--- Data shown ---
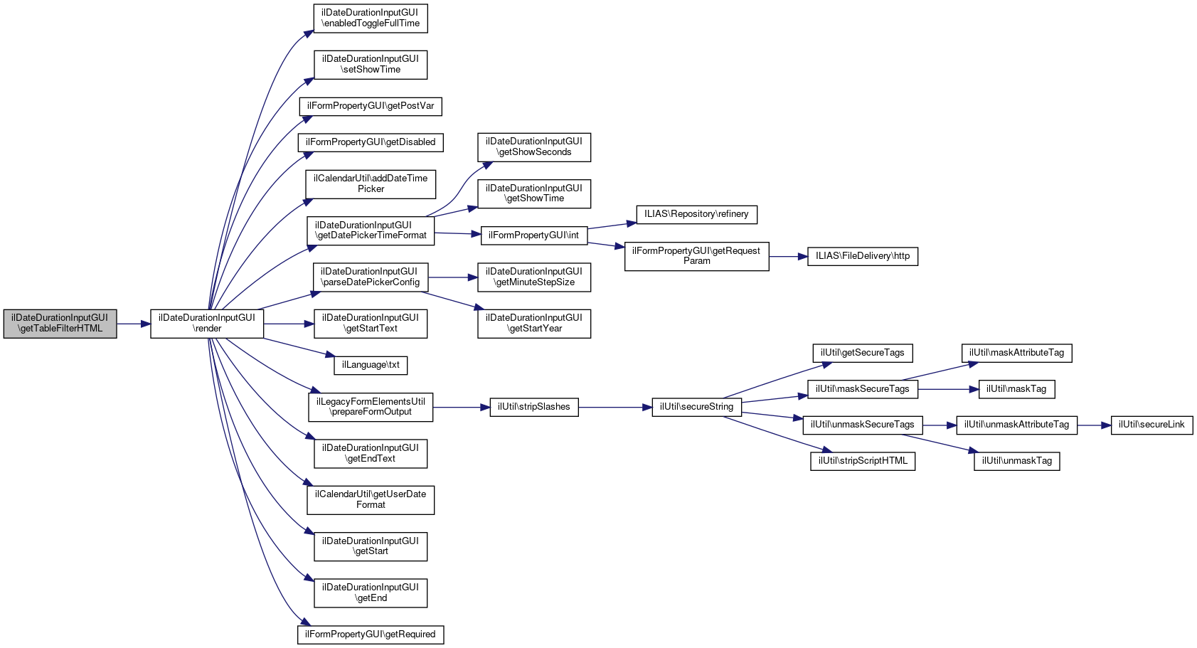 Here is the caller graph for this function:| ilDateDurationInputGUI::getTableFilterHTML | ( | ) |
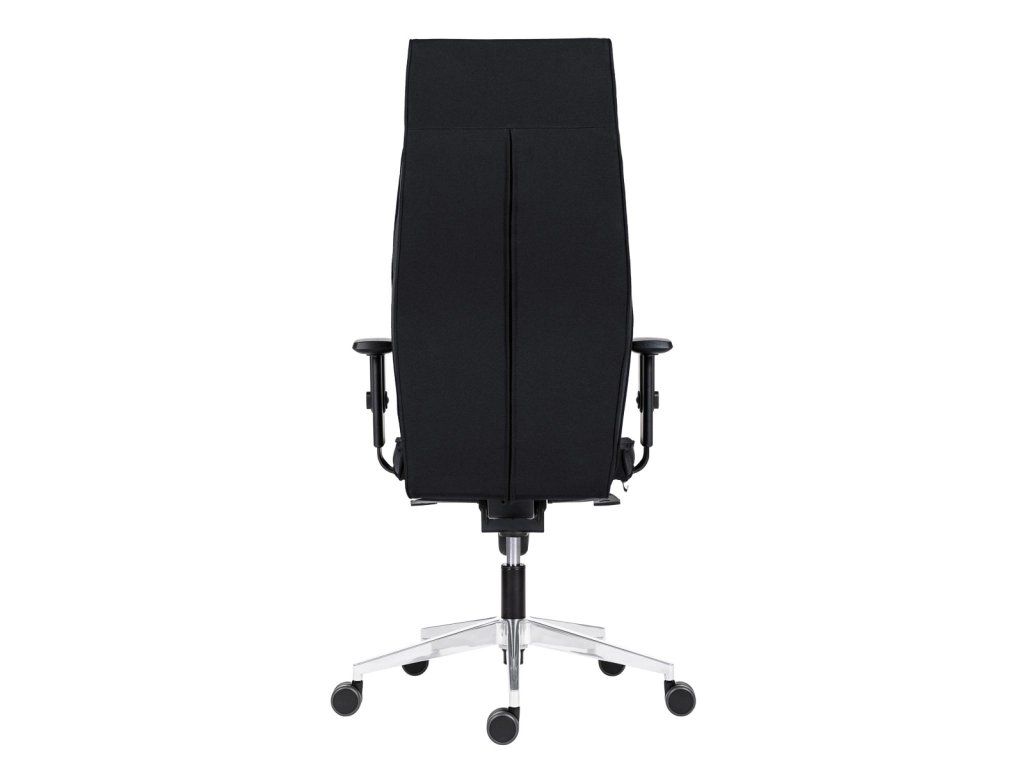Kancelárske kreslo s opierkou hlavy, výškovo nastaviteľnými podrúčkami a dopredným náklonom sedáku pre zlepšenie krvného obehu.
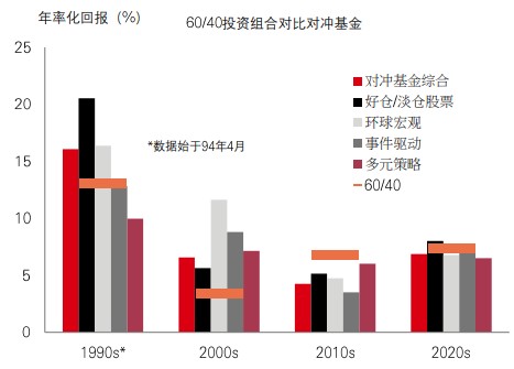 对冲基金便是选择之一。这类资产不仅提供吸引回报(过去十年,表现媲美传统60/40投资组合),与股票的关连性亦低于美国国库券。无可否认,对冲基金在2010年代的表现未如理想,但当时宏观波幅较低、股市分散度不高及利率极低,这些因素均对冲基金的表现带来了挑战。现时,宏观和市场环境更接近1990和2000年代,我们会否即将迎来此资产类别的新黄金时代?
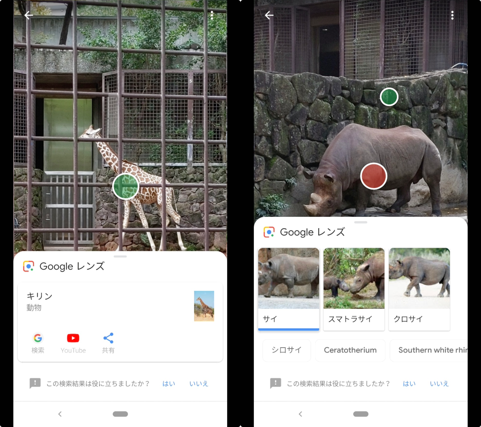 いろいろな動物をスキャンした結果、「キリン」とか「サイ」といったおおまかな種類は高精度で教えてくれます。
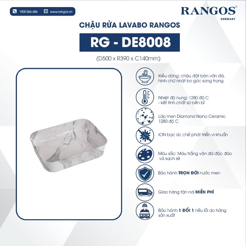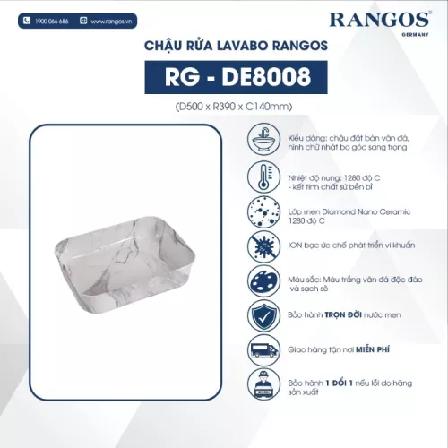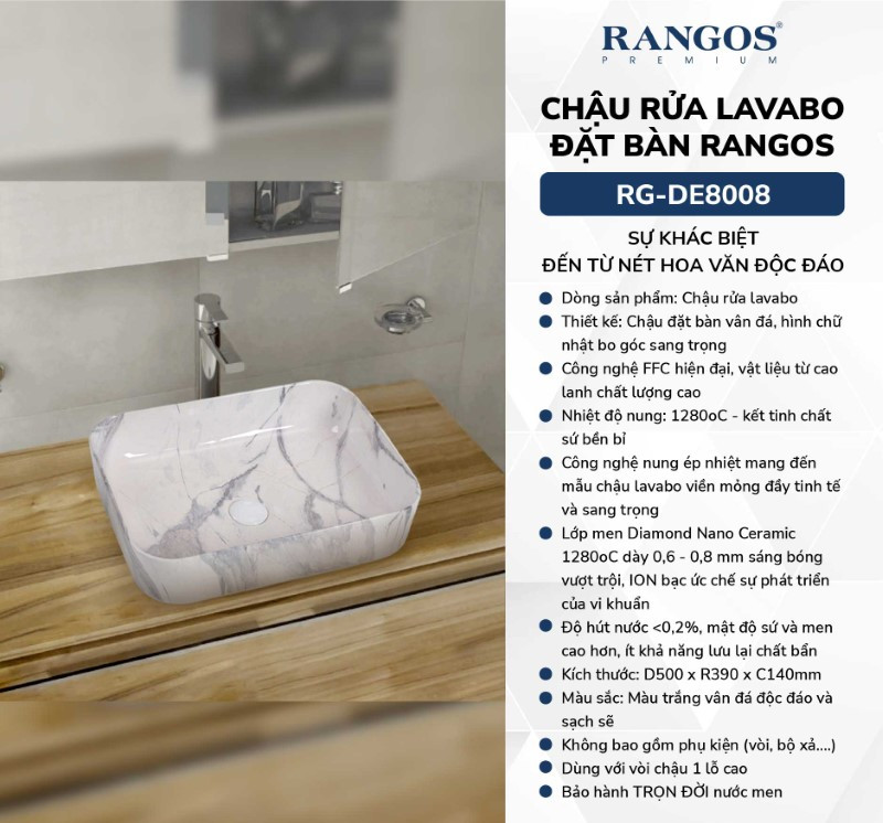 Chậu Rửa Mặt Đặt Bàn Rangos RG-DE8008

==

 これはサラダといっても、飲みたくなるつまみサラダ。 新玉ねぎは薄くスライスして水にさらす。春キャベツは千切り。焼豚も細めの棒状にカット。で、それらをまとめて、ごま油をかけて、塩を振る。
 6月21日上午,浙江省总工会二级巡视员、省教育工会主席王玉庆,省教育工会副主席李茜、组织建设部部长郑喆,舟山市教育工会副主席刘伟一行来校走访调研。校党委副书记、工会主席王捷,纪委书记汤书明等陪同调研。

==

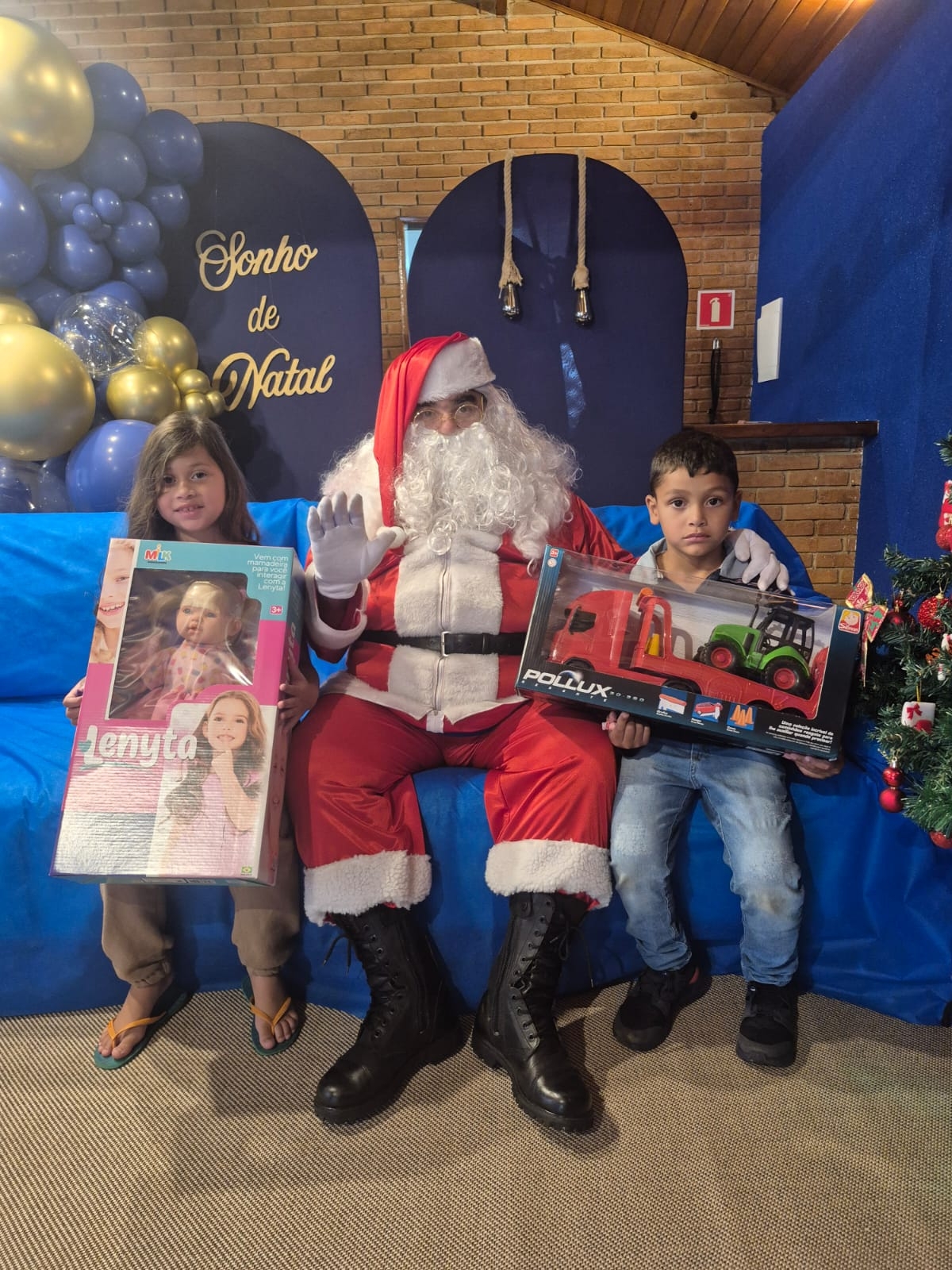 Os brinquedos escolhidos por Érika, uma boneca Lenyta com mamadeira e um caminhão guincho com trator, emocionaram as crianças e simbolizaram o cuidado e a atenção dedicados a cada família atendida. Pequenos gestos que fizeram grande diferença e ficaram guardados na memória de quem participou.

--- Exercise ---
Taking the entries above, extract every line from the one bearing "いろいろな動物をスキャンした" through the one bearing "Chậu Rửa Mặt Đặt Bàn Rangos RG-DE8008", exactly, with no pictures.

--- Answer ---
 いろいろな動物をスキャンした結果、「キリン」とか「サイ」といったおおまかな種類は高精度で教えてくれます。
 Chậu Rửa Mặt Đặt Bàn Rangos RG-DE8008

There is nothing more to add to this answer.